■ **AIM OF THE TASK**
Go to the line with "8、指纹功能是360奇酷手机" in the material below and copy from there through the line with "後半はふれあいサロンでにゅう", exactly. Pictures are not copied.

■ **RECORDS TO USE**
BEGIN
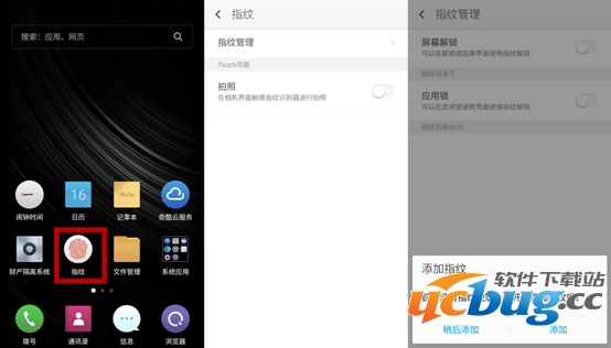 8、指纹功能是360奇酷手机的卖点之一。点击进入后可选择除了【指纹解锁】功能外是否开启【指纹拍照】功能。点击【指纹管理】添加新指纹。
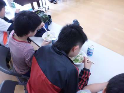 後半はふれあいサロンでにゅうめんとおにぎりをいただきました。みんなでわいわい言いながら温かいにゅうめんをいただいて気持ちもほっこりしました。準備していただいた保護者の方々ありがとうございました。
END
BEGIN
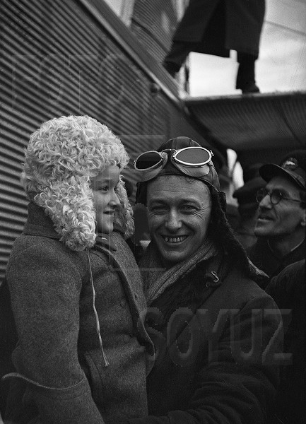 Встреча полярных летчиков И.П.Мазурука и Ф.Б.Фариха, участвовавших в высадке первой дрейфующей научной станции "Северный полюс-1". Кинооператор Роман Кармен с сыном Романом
END
■ **RESULT OF THIS TASK**
 8、指纹功能是360奇酷手机的卖点之一。点击进入后可选择除了【指纹解锁】功能外是否开启【指纹拍照】功能。点击【指纹管理】添加新指纹。
 後半はふれあいサロンでにゅうめんとおにぎりをいただきました。みんなでわいわい言いながら温かいにゅうめんをいただいて気持ちもほっこりしました。準備していただいた保護者の方々ありがとうございました。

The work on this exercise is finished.